The Centers for Disease Control and Prevention reports that 48 million Americans are sickened by food-borne pathogens every year, with 128,000 ending up hospitalized and 3,000 eventually dying from their food-borne infection. It’s a tragic situation made even more so by the fact that many food-borne illnesses, unlike most other killer diseases, are easily preventable by simple measures such as hand washing. No wonder many restaurants in many states now require food safety training not just for food managers but everyone who encounters food.
Food safety training, such as the food handler training, is essential to food-service establishments because it provides a strong base of knowledge to protect the public from foodborne illness and the establishment from potential liability.
Properly trained food service workers can significantly mitigate the following dangers to food safety: cross-contamination, improper cooling time and temperature, lack of hygiene, and of course inadequate cleaning and sanitizing.
Cross-contamination. When pathogens from one food item are inadvertently transferred to another, that’s cross-contamination. This usually happens when raw meat is stored with ready-to-eat food (bread, for instance) inside a refrigerator and the two come into contact with each other. Food safety protocol dictates never to store both at close quarters because the latter won’t be cooked anymore; whatever microbes are transferred to it will go straight to the diner’s plate.
Cooling time and temperature. Because pathogens proliferate above 41 degrees Fahrenheit and below 135 degrees Fahrenheit, food safety practices dictate that stored foods stay well out of this temperature range. The longer they are in this danger zone the greater the chances bacteria will grow and spread.

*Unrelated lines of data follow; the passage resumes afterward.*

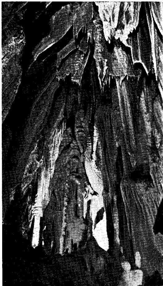
Rokeca interno de la kavernoj: "Altaro de la Virgulino".

En Guernica ni povos viziti la faman "Casa de Juntas" (Domo por Kunvenoj), en kies arkivo situas en honora loko ŝranko el mahagono sur kiu oni povas legi jenan frazon skribitan per argentaj literoj: "BIZKAIKO LEGE ZARRA" en eŭskera lingvo, kio en Esperanto signifas: "la Malnova Leĝo de Vizcaya". En ĝi konserviĝas la originalan ma-
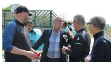
Le Maire discute avec les coaches du club de foot
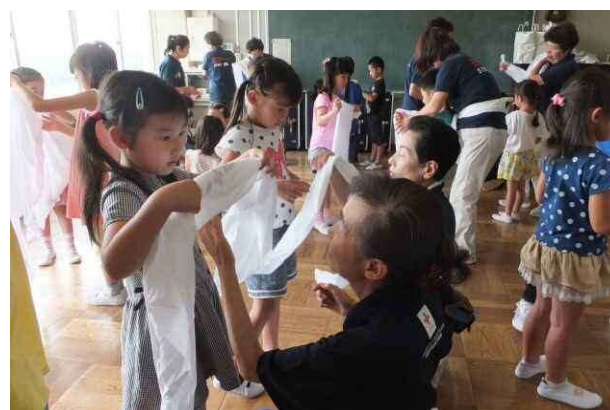
← サマースクール ～救急法・傷の手当て～

7月 日本赤十字社本社 視察研修 子育て支援事業 ～子育て支援センターすくすく講座～ 大谷・杉本小学校 サマースクール ～救急法・傷の手当て～ 海老名市子育てフェスティバル
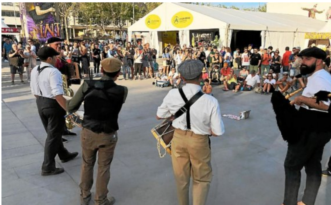
Hormis quelques rares animations et les concerts en soirée, ce n'était pas la grosse ambiance du côté des Asturies.

Toutes les solutions étaient bonnes pour se rafraîchir durant le Festival interceltique
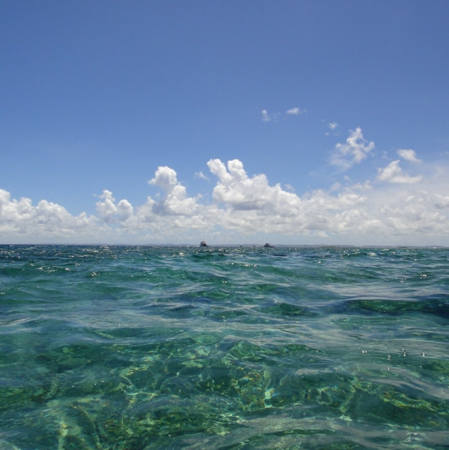
透明度の高い海。慶良間でボートシュノーケリングをしました。
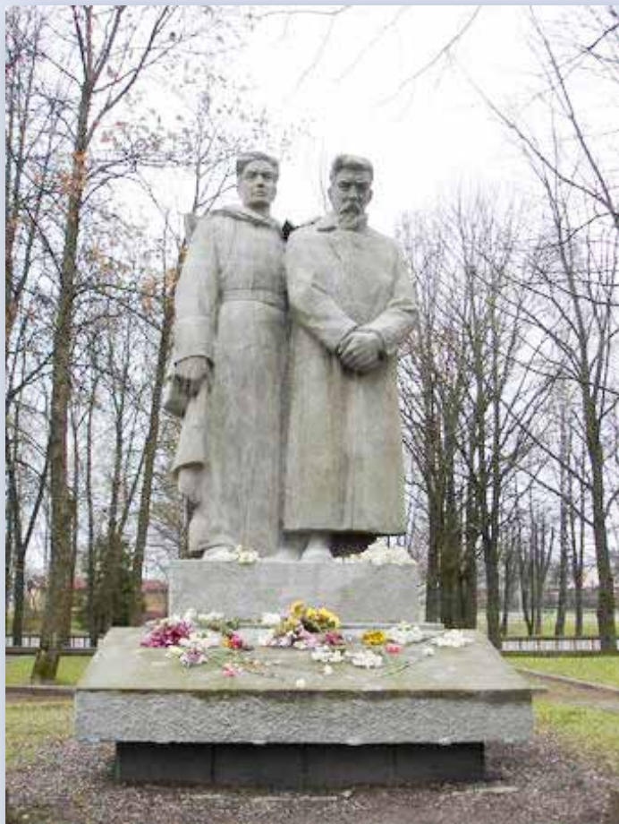
Мемориал на кладбище Добиле, где похоронен Н.С.Кошелев

Схема воинских захоронений расположенных на кладбище погибших военно- служащих 64 в. стр. полка Увеличена с карты 1:25000 0-34-131-Б-а
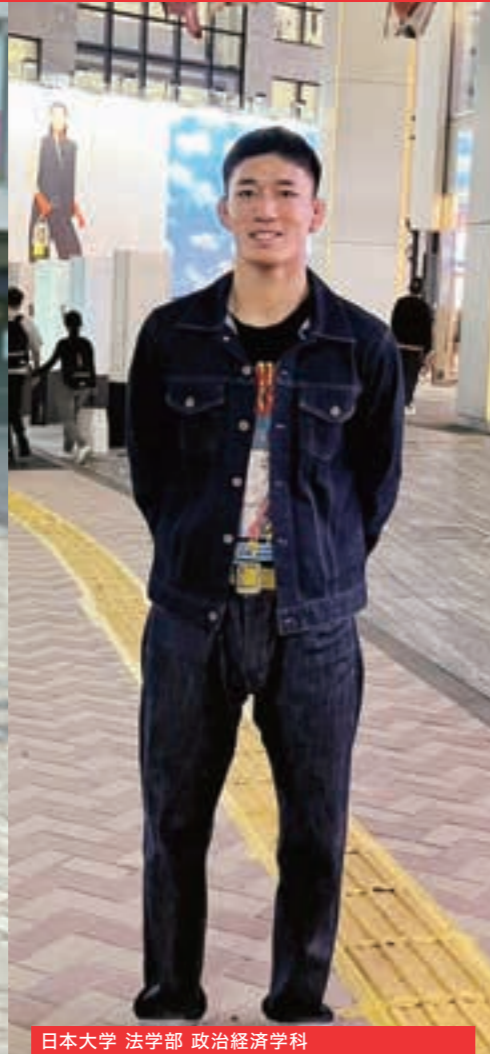
日本大学 法学部 政治経済学科
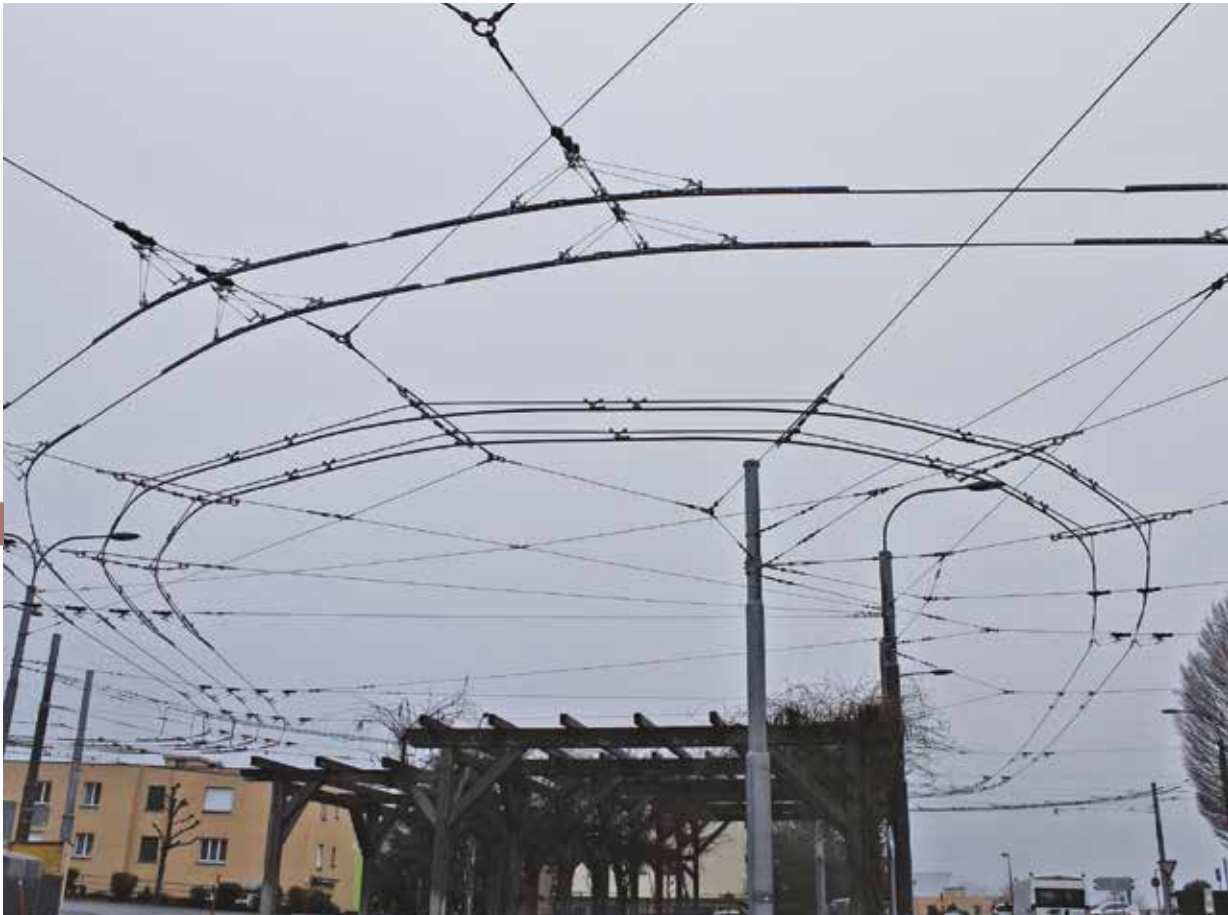
Terminus du 8, un p'tit tour et puis s'en va.
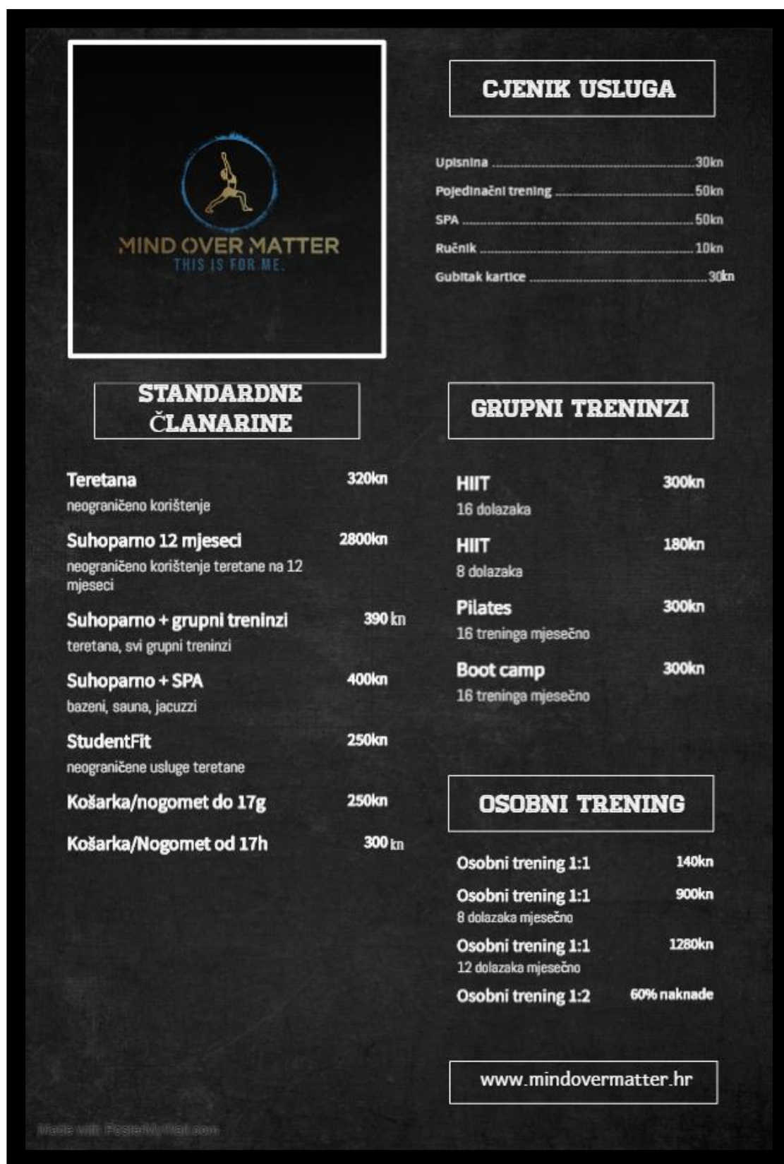
Slika 1. Cjenik usluga
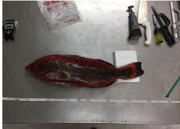
Figura 3 Muestreo de tejido.

Muchas especies de peces comerciales migran largas distancias para agregarse y desovar en lugares y momentos específicos en los arrecifes cada año. En la mayoría de los casos, los pescadores locales son los primeros en identificar estos sitios (Heyman y Kjerfve 2008) y/o pescar el sitio de agregación o las rutas de migración. Los programas de monitoreo pesquero son herramientas efectivas para recolectar información biológica sobre especies clave (ver Protocolo 2). Estos programas incorporan el conocimiento ecológico tradicional, involucrando a pescadores capacitados en la recolección de datos e involucrando a la comunidad en la toma de decisiones para manejar los recursos (Ramírez-Valdez et al. 2017).
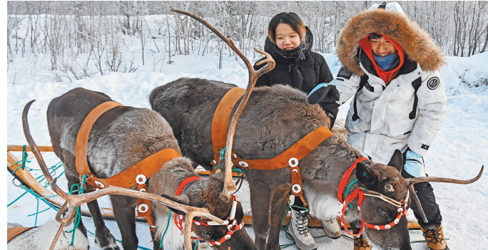
В Мурманской области проводятся экскурсии, во время которых китайские туристы могут узнать много интересного о северных оленях.
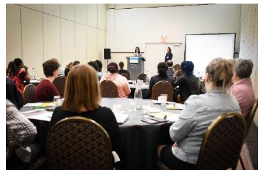
Sonia Lebel – Ministre de la Justice, prenant la parole le 1 er février 2020
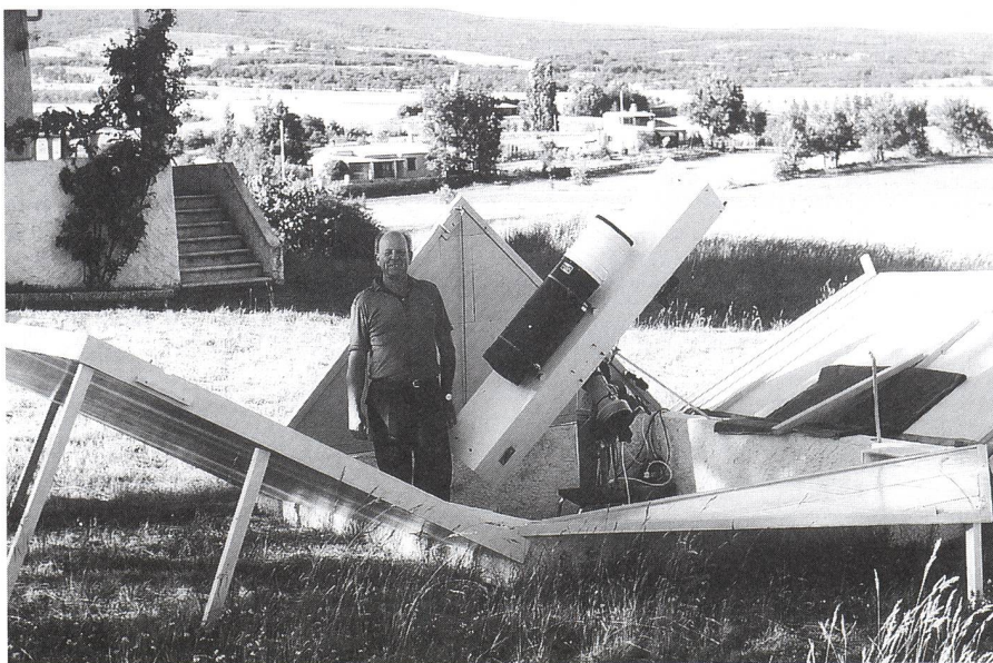
Fig. 1. Die Klapphütte mit dem 21-cm Newton und der 20/22/30-cm Schmidtkamera
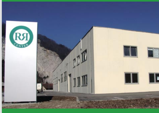
Nasipi, 1420 Trbovlje
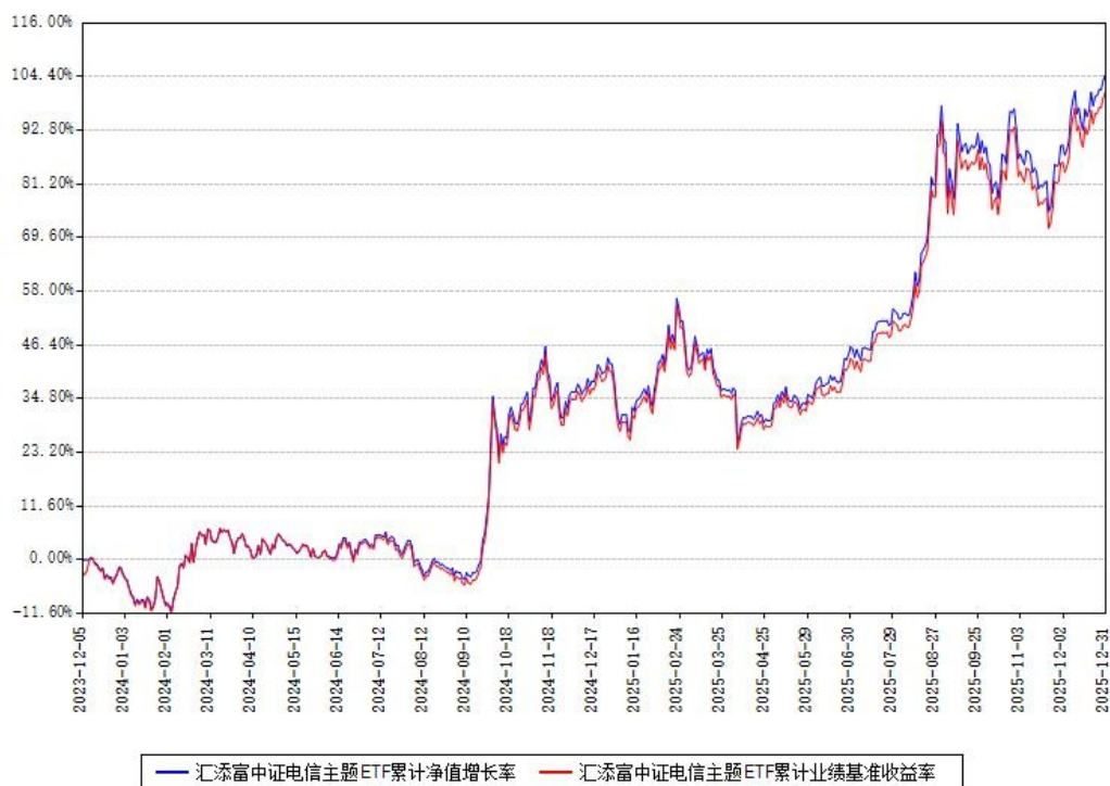
汇添富中证电信主题ETF累计净值增长率与同期业绩基准收益率对比图

注：本基金建仓期为本《基金合同》生效之日（2023年12月05日）起6个月，建仓期结束时各项资产配置比例符合合同约定。
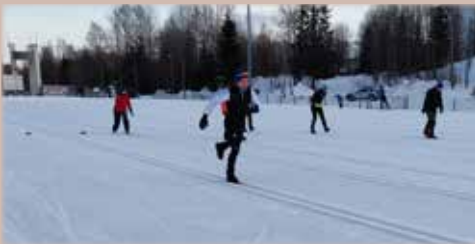
Hiihtotekniikkaa yhdellä suksella.
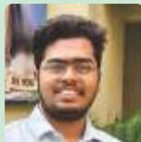
ANIT ROY DEXCO, Kalyan Diocese

“It was to know the real status of the diocese by way of evaluation of the past and to plan for the future that I came to attend the 3rd Eparchial Assembly of our diocese. It was very well planned and organised systematically; the topics discussed were relevant. Active participation from the laity showcased that the future plans of the Assembly would be carried out fruitfully. It is heartening to note that our priests were enthusiastic and energetic to contribute to the success of the Assembly.”
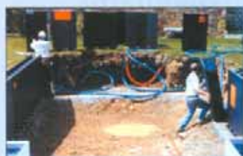
Si assembla il tutto

I casseri a perdere Magiline offrono una resistenza ed affidabilità strutturale identica a quella del cemento armato con un risparmio di cemento nell'ordine del 20-30%. Le foto, tratte da un filmato, dimostrano come una piscina Magiline, riempita d'acqua, sia sollevabile interamente da una gru. L'esperimento è stato svolto in Francia alla presenza di un notaio.
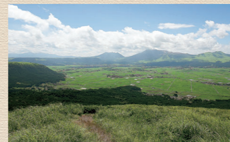
▲大草原と阿蘇五岳

今のように自家用トラックが普及していなかった頃、阿蘇の農家の人々は、高低差300m以上ある採草地まで歩いて行かなければなりませんでした。その時間を節約するために行われていたのが草泊まりです。草泊まりは、昭和40年代頃まで行われていました。
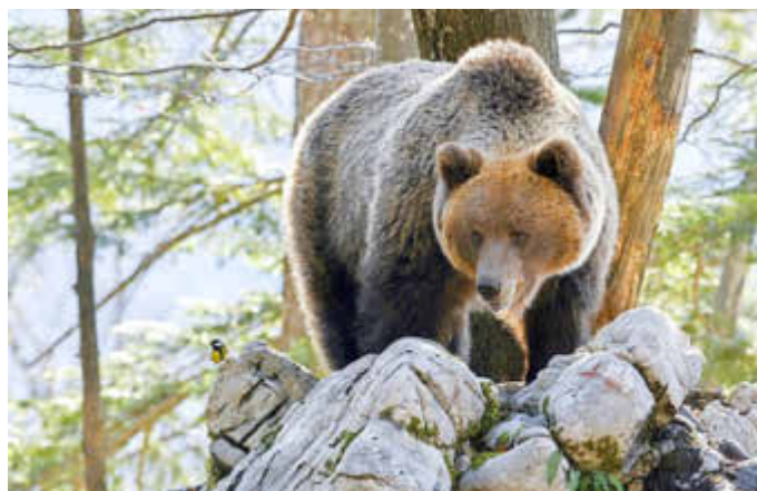
Österreich, David und Goliath
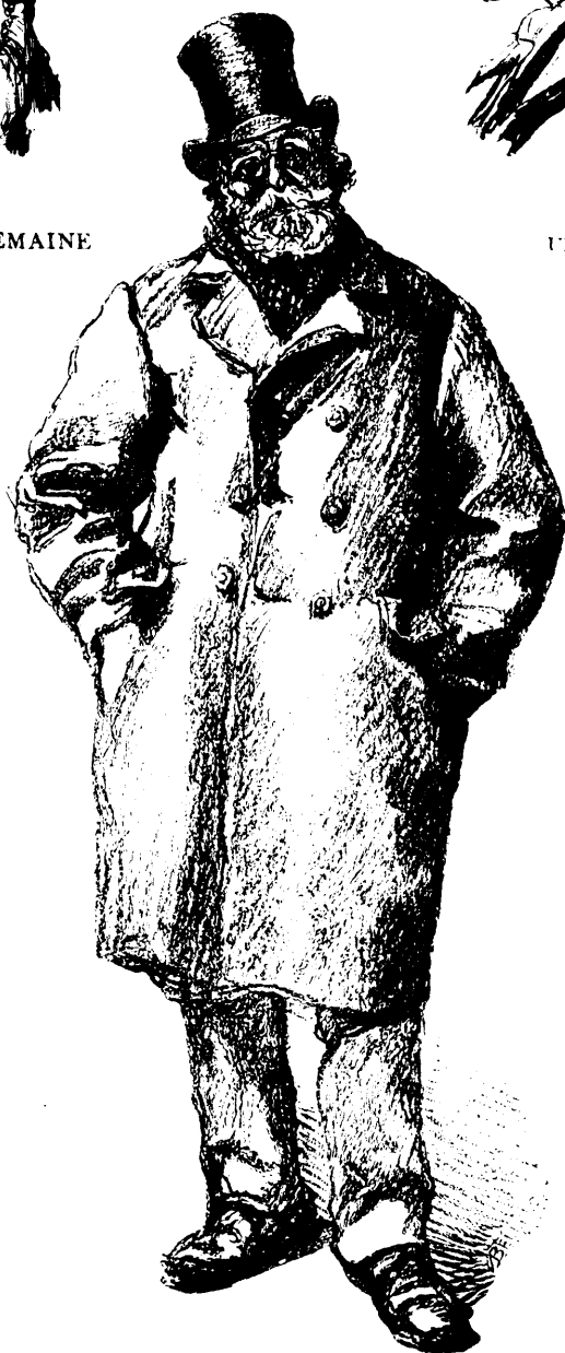
NE RISQUE RIEN LA BOURSE ET LES BOURSIERS.
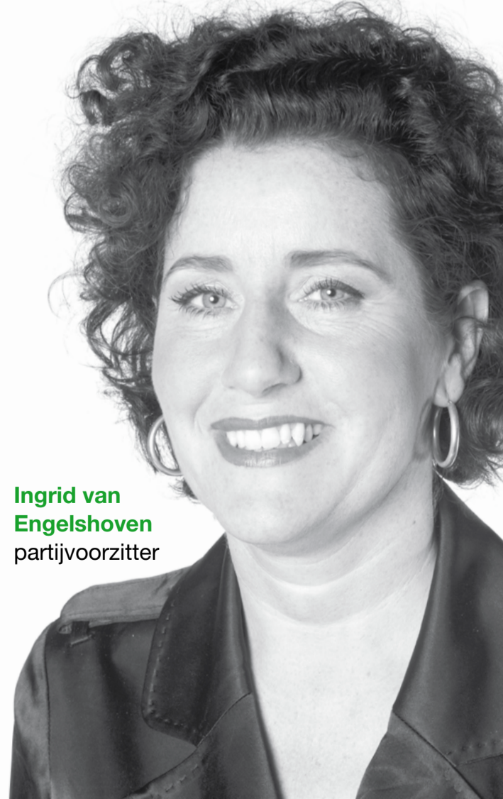
Ingrid van Engelshoven partijvoorzitter

Daarnaast is er natuurlijk ook weer voldoende gelegenheid om mensen te ontmoeten en te spreken. Er zijn diverse stands waar u terecht kunt met uw vragen aan diverse thema-afdelingen of de fracties van het Europees Parlement en de Tweede Kamer. Als prachtige afsluiter zal de borrel dit keer tot maar liefst half negen in de avond duren. Er is dus volop gelegenheid om na het volle dagprogramma met elkaar te borrelen en na te praten. Ik wens u een inhoudelijke en onderhoudende dag toe!
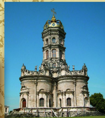
Дубровицы. Московская обл. Знаменская церковь (около 1690—1697). Церковь построена в усадьбе сподвижника Петра I кн. Б. А. Голицына. Петр I давал свои наставления по ее убранству, когда в 1696 останавливался в Дубровицах по пути в Москву после взятия Азова. Оригинальная архитектура церкви смутила духовенство, и ее освящение произошло только в 1704 в присутствии Петра I.
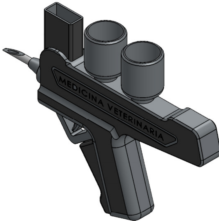
Gráfico 4. Diseño en 3D de la parte superior del inyector autorrecargable.

Como se puede ver en los gráficos 3 y 4, existe en la parte superior del inyector un dispositivo que permite almacenar las agujas que se van a utilizar.
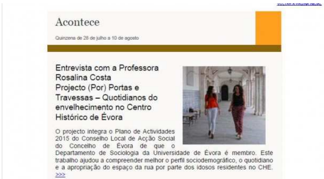
Figura 3 – Destaque na Newsletter “Évora Local” (28 de Julho a 10 de Agosto de 2015) sobre o Projecto “(Por) Portas e Travessas. Quotidianos do Envelhecimento no Centro Histórico de Évora”.

Improper hygiene. Hand washing is one of the pillars of food safety. Food-handlers need to wash their hands with soap and water before they touch any food item and each time they’ve come into contact with raw food, especially raw meat, the latter being a primary carrier for common food-borne pathogens such as E. coli, Salmonella, and Listeria. Proper hygiene doesn’t end with hand washing though. Foodservice personnel must also wear clean clothes and slip-resistant shoes all the time. Fingernails should be short and clean and hair pulled back and in a cap or hair net.
Cleaning and sanitizing. Cleaning involves washing away grime and germs while sanitizing involves killing the germs with a food-friendly chemical agent. Floors, walls, and other non-food-contact surfaces need only be cleaned (without sanitizing) daily. In contrast, food-contact surfaces such as cutting boards, pots, and pans should be cleaned then sanitized before and after use. Other food-contact surfaces such as eating utensils and plates should also be cleaned before and after use, but sanitizing is recommended only after each use. Countertops and tables should be cleaned and sanitized before and after use.